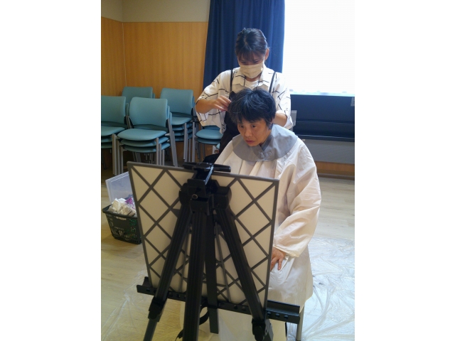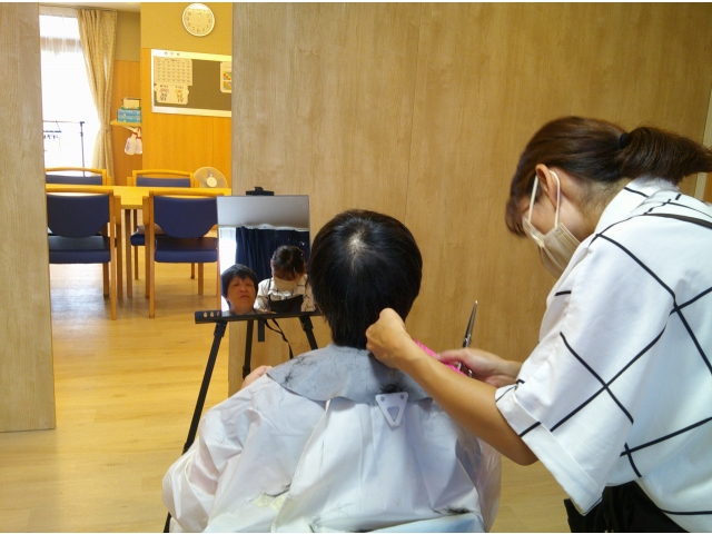 職員の都合もあり、地域の散髪屋、美容室に行けない方のために、訪問美容をお願いしています。ホームに来てもらい、慣れた場所で好みのスタイルに変身します。カット中は美容師さんに一方的に話しかけていますが、笑顔で相槌をもらっています。髪型も決まり、話もできて大満足です。
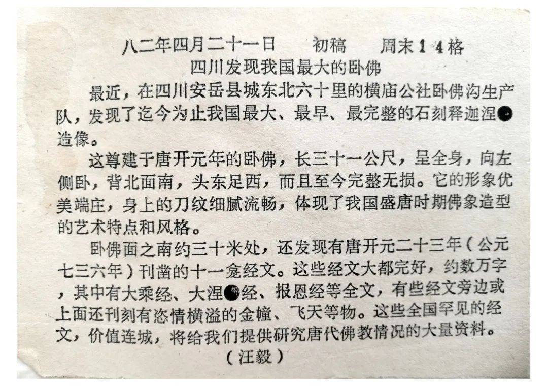《四川发现我国最大的卧佛》汪毅文,中央人民广播电台播出,1982年5月9日。为国家级媒体第一次报道。
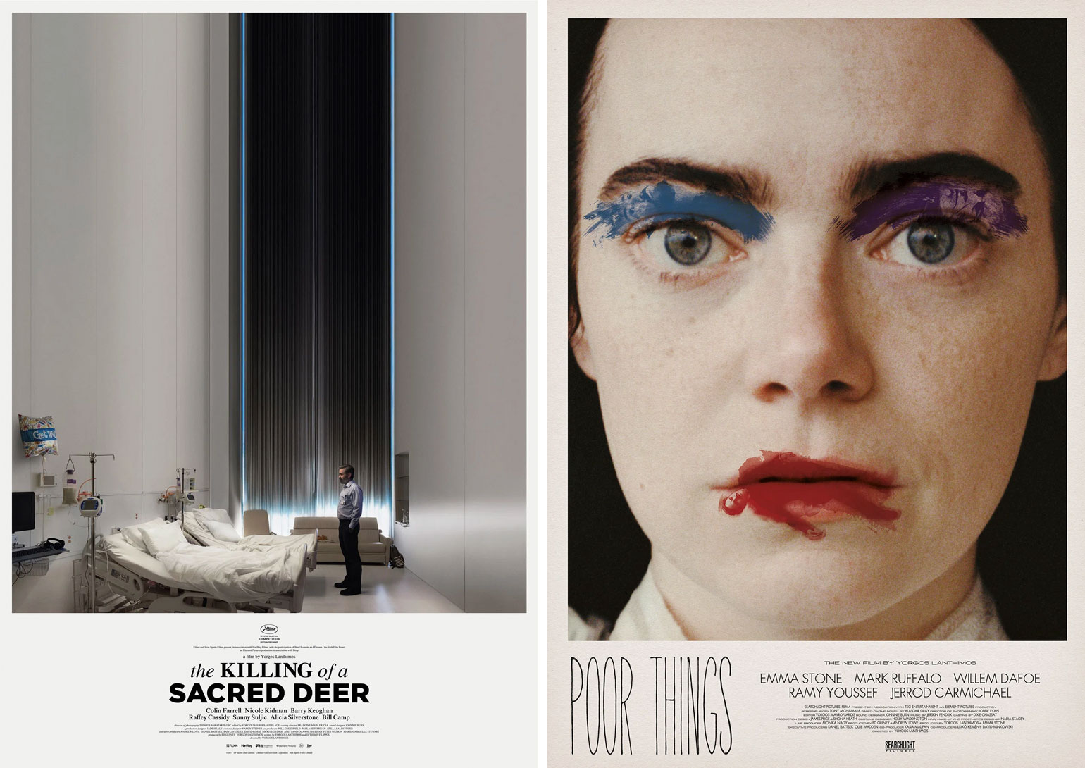 Василис Марматакис говорит, что всегда предлагает несколько вариантов плакатов, каждый из которых показывает другую сторону истории, но все они связаны общей мыслью. Например, в Poor Things («Бедные-несчастные») первый постер — это экстремально крупный план освещённого лица Эммы Стоун, с намеренно размазанной помадой и тенями. Но если присмотреться, оказывается, что косметикой нарисованы мужские герои этого фильма.
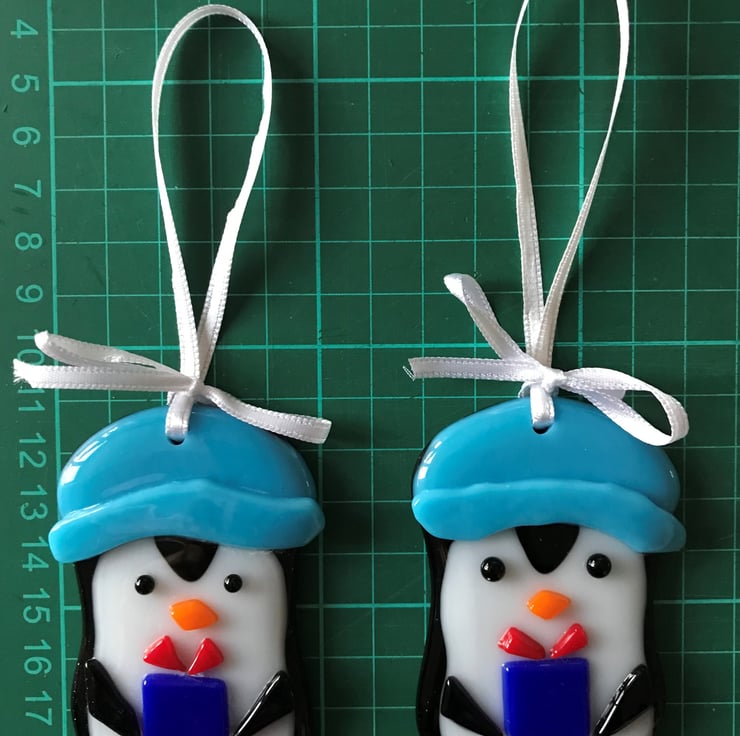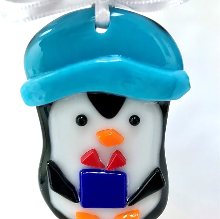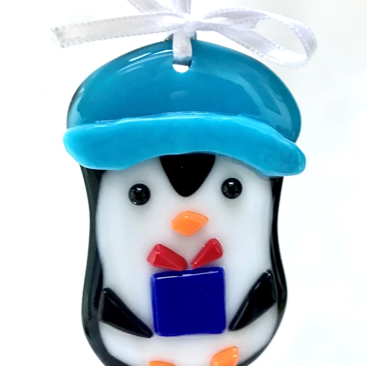 This cute penguin decoration has had two firings in the kiln. The first went to 800 degrees Celsius to create the base body and hat. A second firing at 735 degrees Celsius tac fused his beak, feet, flippers, gift and hat rim. A hole has been drilled so it can hang from white satin ribbon.
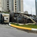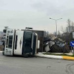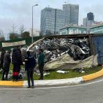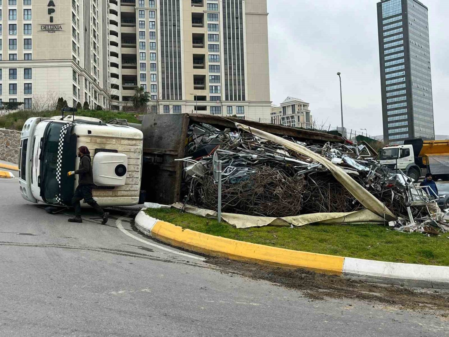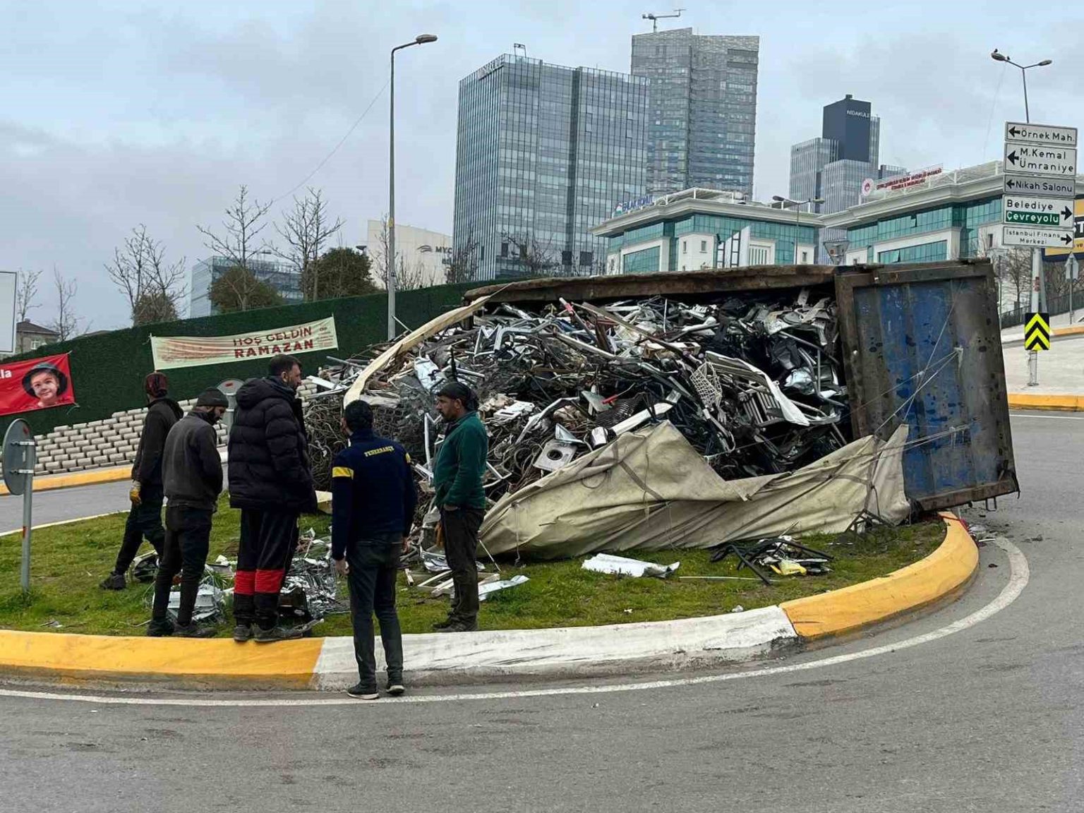Ataşehir’de hurda yüklü kamyon sürücüsünün direksiyon hakimiyetini kaybetmesi sonucu devrilerek yan yattı.
-=-=-
> _To do_:
Output all the material verbatim, skipping every image.

> _Answer to the exercise_:
 職員の都合もあり、地域の散髪屋、美容室に行けない方のために、訪問美容をお願いしています。ホームに来てもらい、慣れた場所で好みのスタイルに変身します。カット中は美容師さんに一方的に話しかけていますが、笑顔で相槌をもらっています。髪型も決まり、話もできて大満足です。
《四川发现我国最大的卧佛》汪毅文,中央人民广播电台播出,1982年5月9日。为国家级媒体第一次报道。
 Василис Марматакис говорит, что всегда предлагает несколько вариантов плакатов, каждый из которых показывает другую сторону истории, но все они связаны общей мыслью. Например, в Poor Things («Бедные-несчастные») первый постер — это экстремально крупный план освещённого лица Эммы Стоун, с намеренно размазанной помадой и тенями. Но если присмотреться, оказывается, что косметикой нарисованы мужские герои этого фильма.
 This cute penguin decoration has had two firings in the kiln. The first went to 800 degrees Celsius to create the base body and hat. A second firing at 735 degrees Celsius tac fused his beak, feet, flippers, gift and hat rim. A hole has been drilled so it can hang from white satin ribbon.
Ataşehir’de hurda yüklü kamyon sürücüsünün direksiyon hakimiyetini kaybetmesi sonucu devrilerek yan yattı.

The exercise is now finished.